Having spent a considerable amount of time in Sri Lanka, her ancestral homeland, Kamalini Lokuge appreciates, perhaps more than most, how lucky she is to be Australian.
It is that appreciation of her good fortune that drives her to take risks that many others would baulk at.
Kamalini is an epidemiologist, and has just returned from working on the latest Ebola outbreak in Guinea.
A volunteer for Medecins Sans Frontieres, it was her fourth visit to an Ebola infected area.
"We're very lucky in Australia, says Kamalini. "Every time I come back from an outbreak I think we have everything here and part of acknowledging how lucky we are, for me at least, is to help those who don't have as much."
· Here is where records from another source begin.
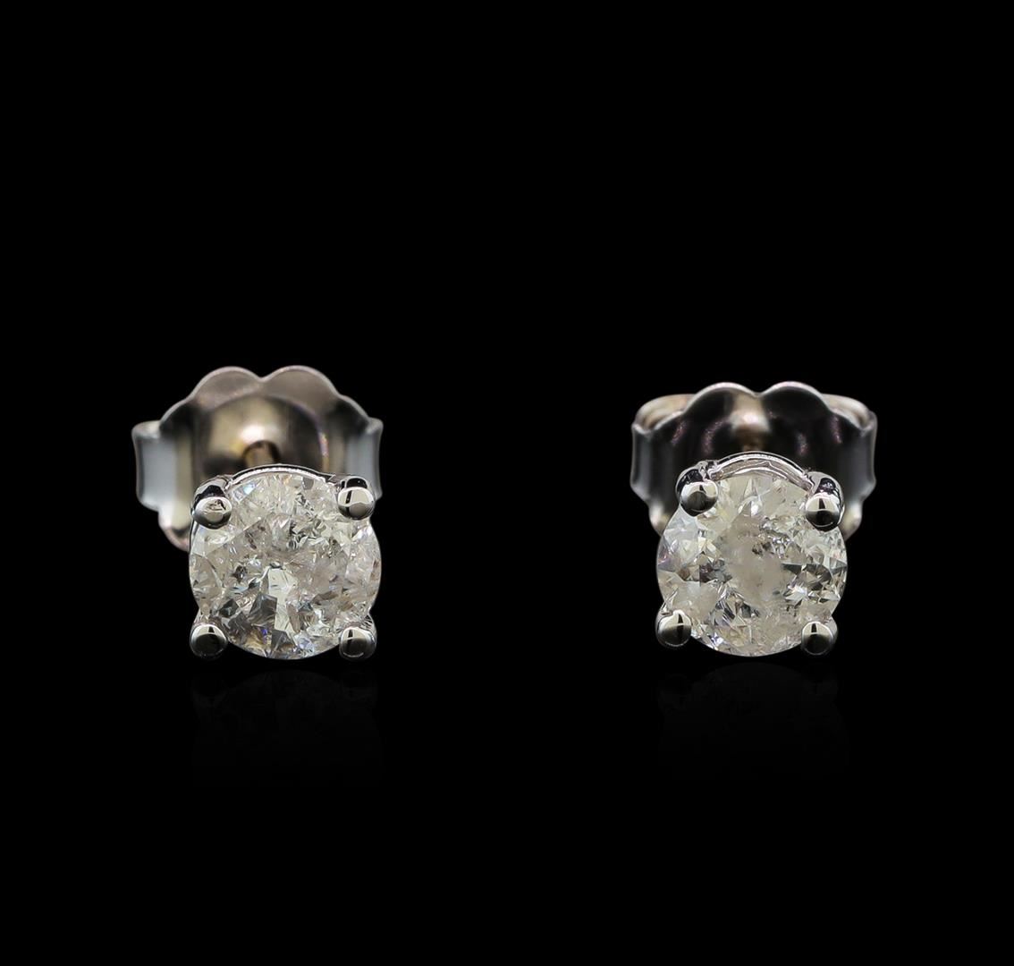 One pair electronically tested 14KT white gold ladies cast diamond stud earrings with friction posts with a bright polish finish. Identified with markings of "14K". Condition is new. Containing: Two prong set round brilliant cut diamonds, measuring 4.60 - 4.60 x 2.78mm (depth est.) approximate total weight of 2 Stones = 0.72ct. Clarity: I-3 to I-3. Color: K, Cut is Good. Diamonds are graded in the mounting, unless otherwise stated. Total Weight of Diamonds 0.72ct. Total Weight of Stud Earrings 0.80 grams. GGL Appraised at $855.00.
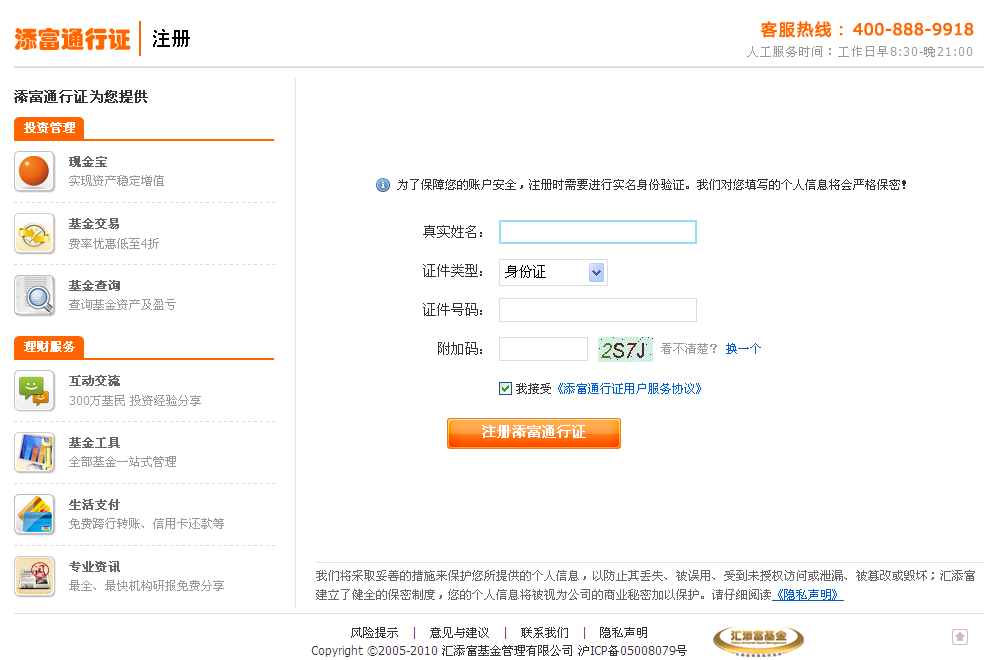 打開注冊頁面,輸入真實姓名、證件號碼及附加碼,點擊“我接受《添富通行證用戶服務協(xié)議》”;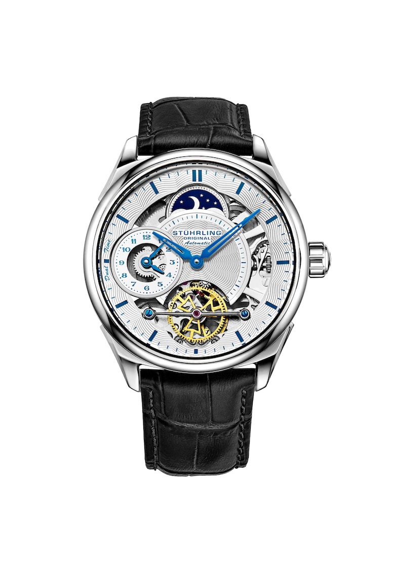 - cadran skeleton Cadran Material geam: cristal mineral Tip citire cadran: linii Carcasa Forma carcasa: rotunda Material carcasa: inox Culoare carcasa: argintiu Curea/bratara Tip: curea Material curea/bratara: piele naturala Culoare curea/bratara: negru

Although prompt treatment can help, Ebola kills nearly 9 in 10 people who contract the virus. The current outbreak in Guinea is the worst in 7 years. At the time of writing it has killed 142 people.
The doctors and nurses who treat those infected in the specially established isolation units in Guinea wear "Hazmat"- type suits, but not Kamalini. It is her job to map the spread of the disease, to track down families who might have come into contact with an infected person, to win their trust. Turning up looking like an astronaut would do her no favours.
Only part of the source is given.